§ Action item
All lines from the one containing "鼻血の対処法の基本は、 ① 頭を軽く前に傾けて、小鼻をつまむ(水の中を潜るときのようにぐっとつまみます)。" down to the one containing "星巴克 派克市場黑咖啡 200mlx24瓶", both ends included, are to be given again exactly; omit the rest of the listing below.

§ Data for review
....................

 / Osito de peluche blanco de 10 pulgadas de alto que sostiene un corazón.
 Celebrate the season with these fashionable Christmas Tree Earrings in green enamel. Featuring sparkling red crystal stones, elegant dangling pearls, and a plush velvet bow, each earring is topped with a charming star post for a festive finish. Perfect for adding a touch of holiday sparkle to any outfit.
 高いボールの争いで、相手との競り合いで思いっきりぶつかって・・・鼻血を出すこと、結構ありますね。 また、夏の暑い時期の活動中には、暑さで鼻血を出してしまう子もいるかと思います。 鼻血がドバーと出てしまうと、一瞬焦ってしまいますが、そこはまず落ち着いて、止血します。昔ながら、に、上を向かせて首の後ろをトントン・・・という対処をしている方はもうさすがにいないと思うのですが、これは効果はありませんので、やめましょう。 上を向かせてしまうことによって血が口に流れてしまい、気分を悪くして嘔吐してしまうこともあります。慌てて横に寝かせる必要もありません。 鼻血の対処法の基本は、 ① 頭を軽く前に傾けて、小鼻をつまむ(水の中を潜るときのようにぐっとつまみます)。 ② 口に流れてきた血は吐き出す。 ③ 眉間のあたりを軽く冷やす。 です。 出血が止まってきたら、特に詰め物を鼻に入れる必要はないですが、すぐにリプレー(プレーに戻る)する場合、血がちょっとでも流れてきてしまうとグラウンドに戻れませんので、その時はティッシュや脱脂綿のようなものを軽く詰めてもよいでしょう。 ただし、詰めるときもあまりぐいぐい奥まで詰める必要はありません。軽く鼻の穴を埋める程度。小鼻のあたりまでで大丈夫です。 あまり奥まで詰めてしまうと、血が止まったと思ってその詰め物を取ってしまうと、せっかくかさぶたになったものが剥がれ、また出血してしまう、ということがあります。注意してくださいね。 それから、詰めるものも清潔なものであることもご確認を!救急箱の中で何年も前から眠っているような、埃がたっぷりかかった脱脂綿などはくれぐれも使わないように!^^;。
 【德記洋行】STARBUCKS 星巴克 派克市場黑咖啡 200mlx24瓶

....................

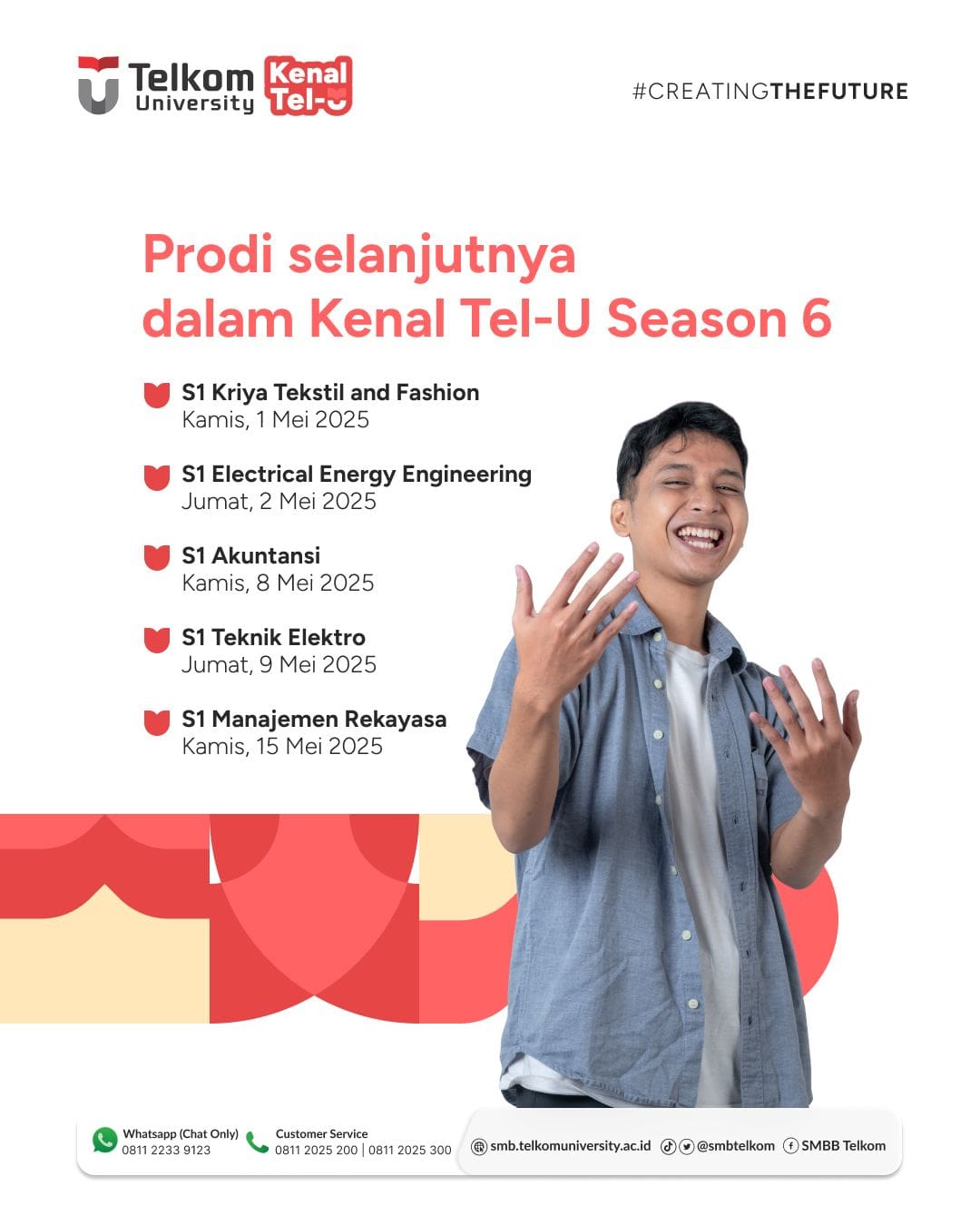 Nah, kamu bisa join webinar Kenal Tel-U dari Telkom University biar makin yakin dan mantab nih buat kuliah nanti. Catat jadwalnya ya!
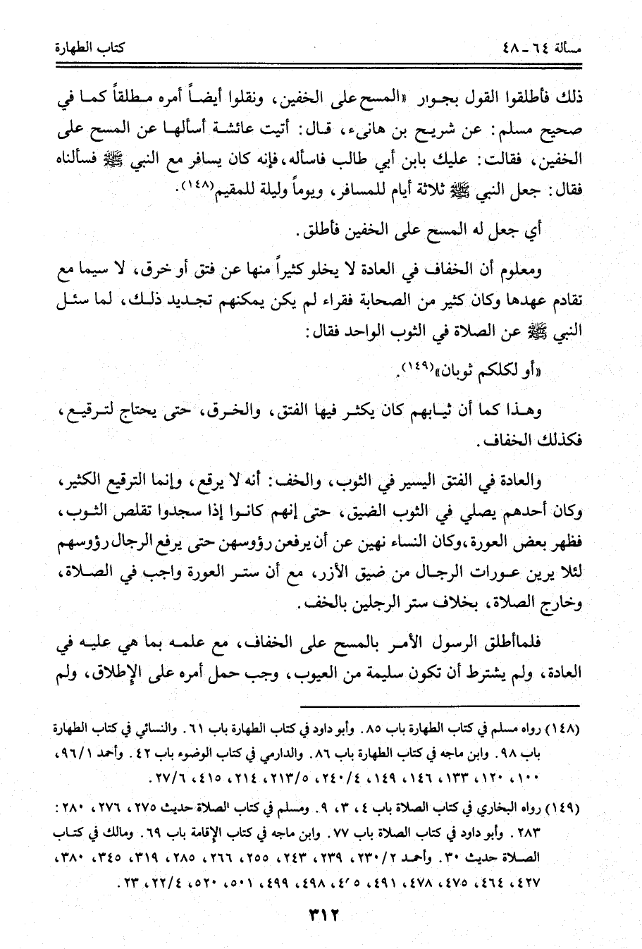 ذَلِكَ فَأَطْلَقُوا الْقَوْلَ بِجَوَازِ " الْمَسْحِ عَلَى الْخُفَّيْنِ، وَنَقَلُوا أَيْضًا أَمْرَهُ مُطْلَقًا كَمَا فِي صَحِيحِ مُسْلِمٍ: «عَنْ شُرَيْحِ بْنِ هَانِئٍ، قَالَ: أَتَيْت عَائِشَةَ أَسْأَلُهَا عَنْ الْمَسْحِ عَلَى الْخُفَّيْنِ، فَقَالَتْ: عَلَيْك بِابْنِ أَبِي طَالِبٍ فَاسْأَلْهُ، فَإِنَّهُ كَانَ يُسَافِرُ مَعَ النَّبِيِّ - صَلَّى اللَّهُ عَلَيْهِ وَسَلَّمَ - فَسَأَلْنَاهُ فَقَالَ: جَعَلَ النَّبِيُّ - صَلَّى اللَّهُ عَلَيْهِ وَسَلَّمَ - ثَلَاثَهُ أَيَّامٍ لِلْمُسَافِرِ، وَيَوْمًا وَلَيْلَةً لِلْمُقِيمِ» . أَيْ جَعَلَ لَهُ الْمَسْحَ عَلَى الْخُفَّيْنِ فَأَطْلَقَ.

....................

§ Solution to this task
 高いボールの争いで、相手との競り合いで思いっきりぶつかって・・・鼻血を出すこと、結構ありますね。 また、夏の暑い時期の活動中には、暑さで鼻血を出してしまう子もいるかと思います。 鼻血がドバーと出てしまうと、一瞬焦ってしまいますが、そこはまず落ち着いて、止血します。昔ながら、に、上を向かせて首の後ろをトントン・・・という対処をしている方はもうさすがにいないと思うのですが、これは効果はありませんので、やめましょう。 上を向かせてしまうことによって血が口に流れてしまい、気分を悪くして嘔吐してしまうこともあります。慌てて横に寝かせる必要もありません。 鼻血の対処法の基本は、 ① 頭を軽く前に傾けて、小鼻をつまむ(水の中を潜るときのようにぐっとつまみます)。 ② 口に流れてきた血は吐き出す。 ③ 眉間のあたりを軽く冷やす。 です。 出血が止まってきたら、特に詰め物を鼻に入れる必要はないですが、すぐにリプレー(プレーに戻る)する場合、血がちょっとでも流れてきてしまうとグラウンドに戻れませんので、その時はティッシュや脱脂綿のようなものを軽く詰めてもよいでしょう。 ただし、詰めるときもあまりぐいぐい奥まで詰める必要はありません。軽く鼻の穴を埋める程度。小鼻のあたりまでで大丈夫です。 あまり奥まで詰めてしまうと、血が止まったと思ってその詰め物を取ってしまうと、せっかくかさぶたになったものが剥がれ、また出血してしまう、ということがあります。注意してくださいね。 それから、詰めるものも清潔なものであることもご確認を!救急箱の中で何年も前から眠っているような、埃がたっぷりかかった脱脂綿などはくれぐれも使わないように!^^;。
 【德記洋行】STARBUCKS 星巴克 派克市場黑咖啡 200mlx24瓶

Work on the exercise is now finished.